Answer Larger companies may show higher median salaries but more variability. Smaller firms might have a narrower pay range.

##### 3. Will the gained insights help creating a positive business impact?
Are there any insights that lead to negative growth? Justify with specific reason.

Answer Yes. Helps analysts advise businesses on compensation strategies based on size. Negative impact may occur if small firms try to match large firm salaries without the budget to sustain it.

#### Chart - 7: Bar Chart – Top 10 Paying Companies

In [None]:
# Chart - 7 visualization code
top_companies = df.groupby('Company Name')['Avg Salary'].mean().sort_values(ascending=False).head(10)
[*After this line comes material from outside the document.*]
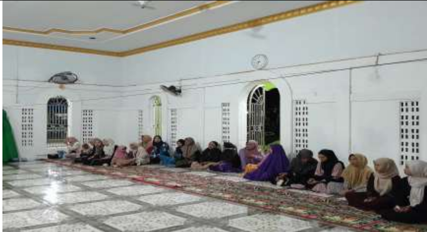
Gambar 4. Suasana Kajian Moderasi Beragama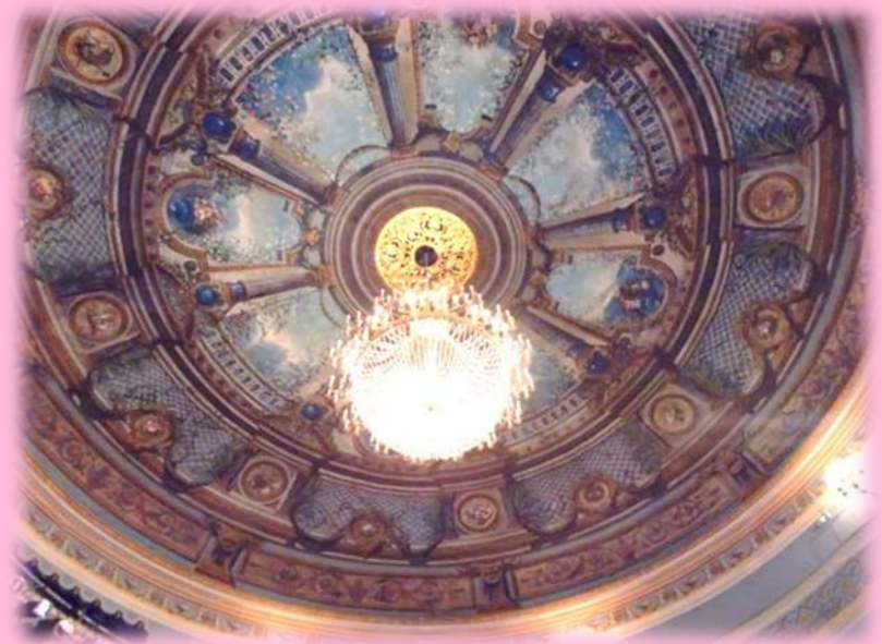
Le somptueux lustre

plt.figure(figsize=(12, 6))
sns.barplot(x=top_companies.values, y=top_companies.index, palette="Purples_d")
plt.title("Top 10 Paying Companies")
plt.xlabel("Average Salary")
plt.ylabel("Company")
plt.show()


##### 1. Why did you pick the specific chart?

Answer Simple horizontal bar charts are excellent for ranking entities like companies based on average salary.

##### 2. What is/are the insight(s) found from the chart?

Answer Identifies companies paying the highest average salary, which is useful for recruiters when benchmarking offers.

##### 3. Will the gained insights help creating a positive business impact?
Are there any insights that lead to negative growth? Justify with specific reason.

Answer Yes. Recruiters can set fair yet competitive offers. Could lead to negative growth if candidates focus only on pay and ignore fit or culture.



#### Chart - 8: Histogram – Salary Range Distribution

In [None]:
# Chart - 8 visualization code
plt.figure(figsize=(10, 6))
sns.histplot(df['Avg Salary'], bins=20, kde=True, color='teal')
plt.title("Salary Range Distribution")
plt.xlabel("Average Salary")
plt.ylabel("Frequency")
plt.show()


##### 1. Why did you pick the specific chart?

Answer Histograms effectively show the distribution and frequency of salary ranges, giving an overview of market concentration.

##### 2. What is/are the insight(s) found from the chart?

Answer Majority of salaries fall within a specific range, which sets expectations for recruiters and helps avoid overpaying or underpaying.

##### 3. Will the gained insights help creating a positive business impact?
Are there any insights that lead to negative growth? Justify with specific reason.

Answer Yes. Provides realistic benchmarks. Negative outcome may arise if extremes (very low or very high salaries) dominate and skew expectations.